I have noticed recently that students in online distance education are still invited (if not required) to introduce themselves, and follow others customarily in posting up a face photo or so. I want to ask why !!!
The purpose of education is to develop one's knowledge and share meanings and ideas.
Well of course I have a playboy figure, blond hair, blue eyes or whatever - but do these get me the grade A ??!!
And what judgements do others make of one's shapely figure, cheekbones, and hair colour, not to mention superb fashion sense, sportscar and bright 'marakesh' red BMW bike ? What on earth have these to do with education ?

Nigel Blake of the UK Open University advocates clearly the academic objectivity quality of distance education, to discuss ideas and attack these not the person, and avoid the subjectivity of face-to-face introductions. Ohhh these are touted by instructors as easing us into an online community of learners - let's all choose our partners and group members by their eye colour ...

We need to be alert ever more strongly in our aims to bring openness and inclusivity in education to the retarded, homeless, poor, unwashed, homeless, foreign, and so on. Let's focus on your mind not your body !

I was at college, with my office next to that of Stephen Hawking (http://www.hawking.org.uk/) at ABC university.

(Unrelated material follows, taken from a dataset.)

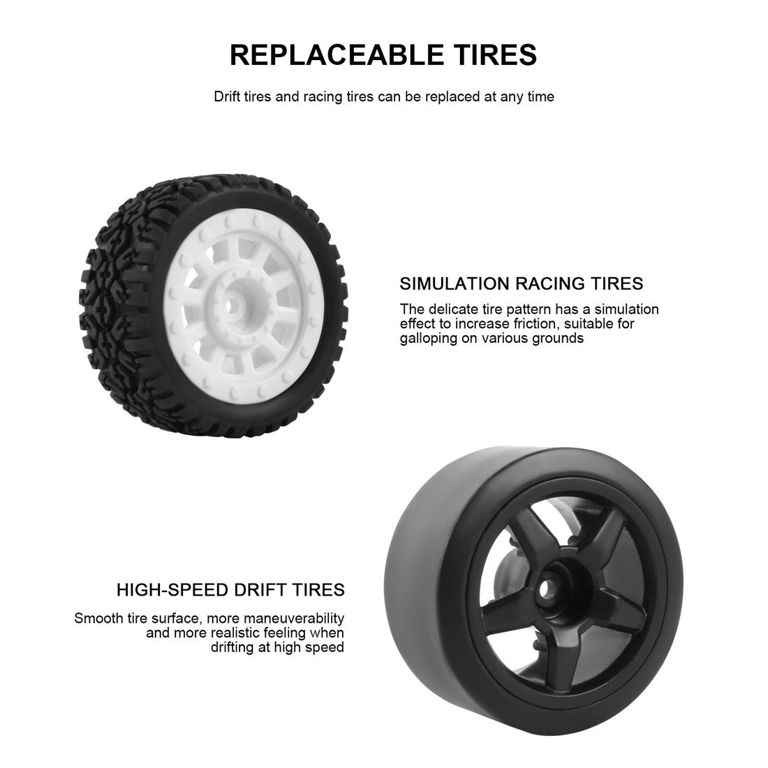 Med i esken har du alt du behøver for å kjøre. Bilen, 2.4G radiosender, komplett sett driftedekk(i tillegg til standard dekk), brukerhåndbok, lader, Li-Ion batteri og basisverktøy. Det eneste du behøver i tillegg for å kjøre er 4x AA batterier til senderen.
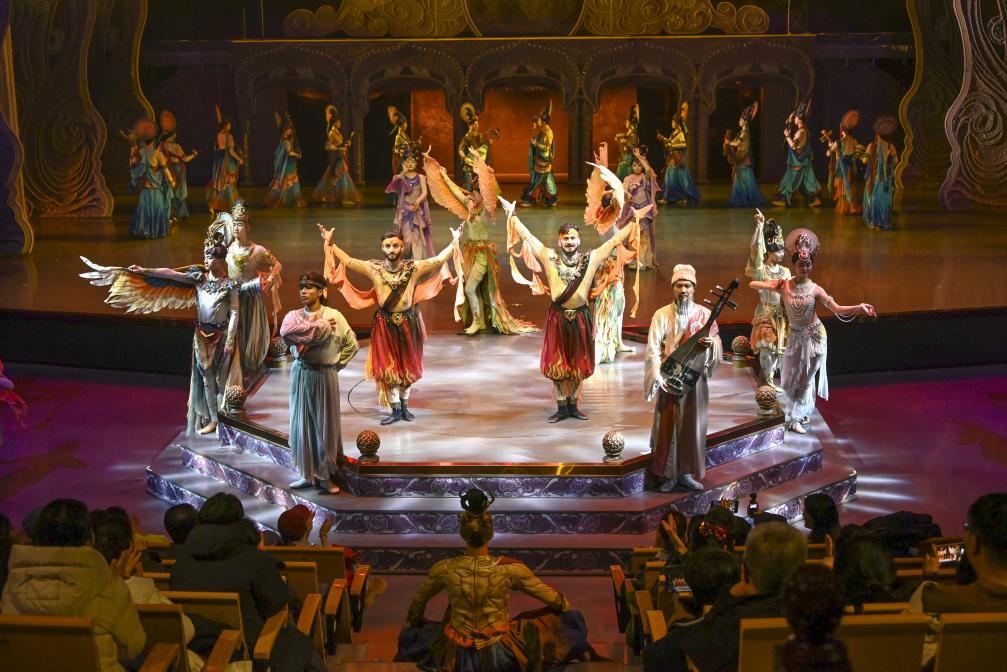 游客在甘肃敦煌观看大型洞窟沉浸式体验剧《乐动敦煌》。新华社发(张晓亮摄)

How so much poorer would the world be if we had let first appearances colour our judgement !

I heard a rumour... that half the people posting up the beautiful blonde faces were old guys in prison trying to ensnare rich foolish guys, and that the other half were the FBI trying to catch those old guys trying to catch the teenage blondes.
What has all this got to do with education ?

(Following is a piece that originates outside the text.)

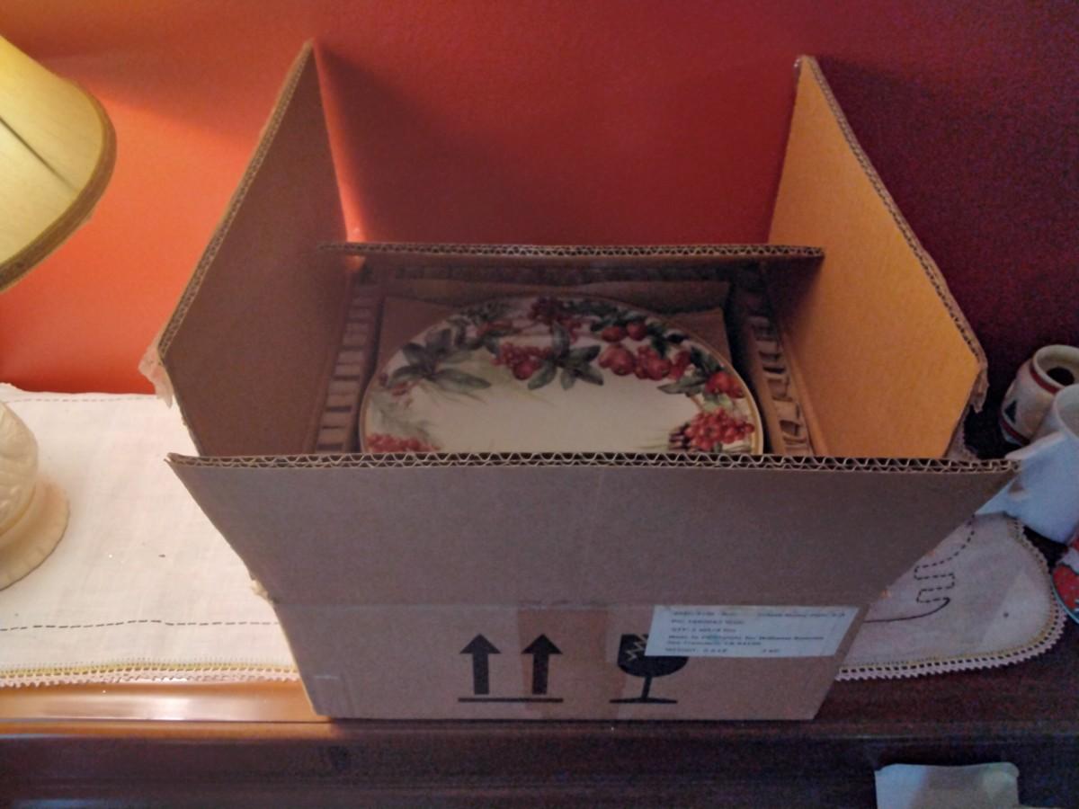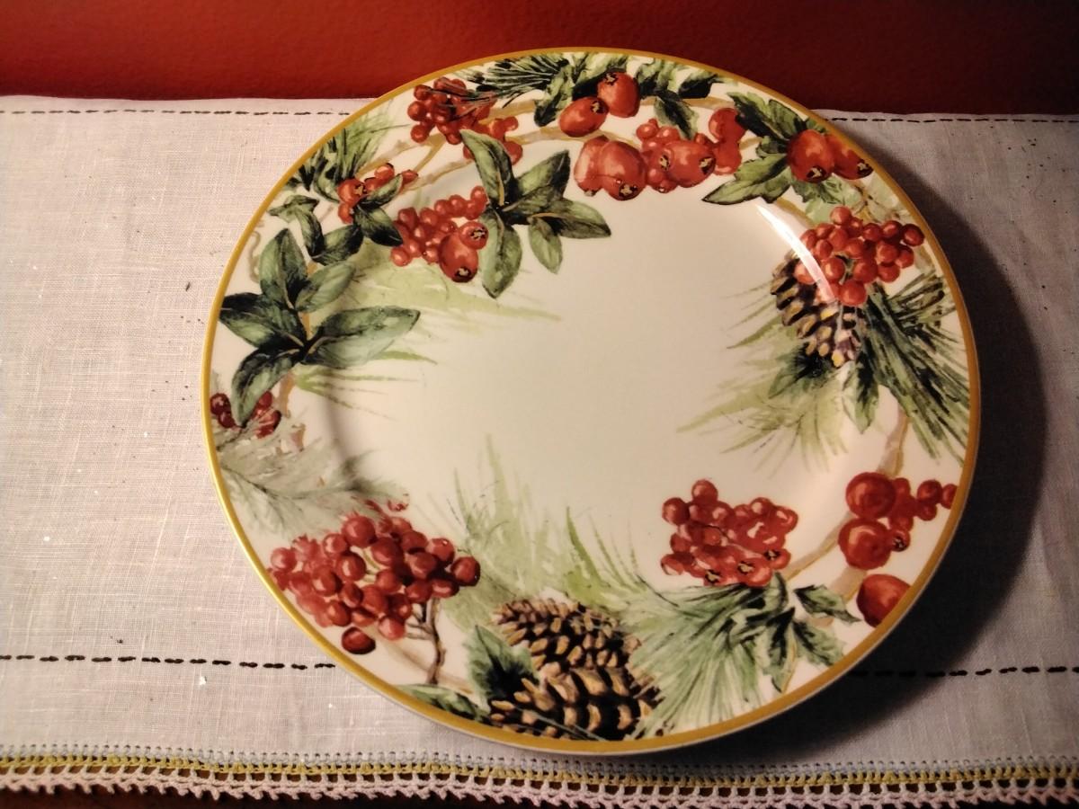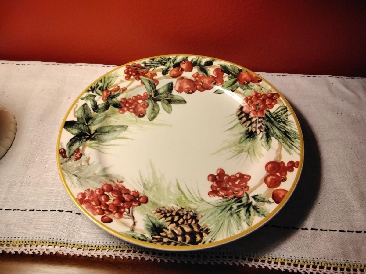In the box and never used, Gorgeous discontinued pattern only made from 2013-2016. 4 plates in box these go for $50 each on replacements.ltd. The beauties will make your holiday table perfect.

Online distance education courses start off with a face-to-face session to meet and get to know each other ...
How fair is that to us old coloured folk in a wheelchair ?

All Best Wishes
Paul

29 March 2007

Reasons against autonomy . . .

Fellow Students / Teachers,
Musing out loud, if language resides in a different area of the brain from other memory, and if language learning is different from other learning, then language learning autonomy cannot be equated with learning autonomy. My current studies are in the area of autonomy, and it seems that while generally learner autonomy may be a good thing, language learner autonomy is not. And not only this, but it would also follow from adult education theory, that adult language learning autonomy must at many times be diminished in order to complete the language learning task at hand.
I don't see that we can with a broad brush say that learning autonomy is a goal of education.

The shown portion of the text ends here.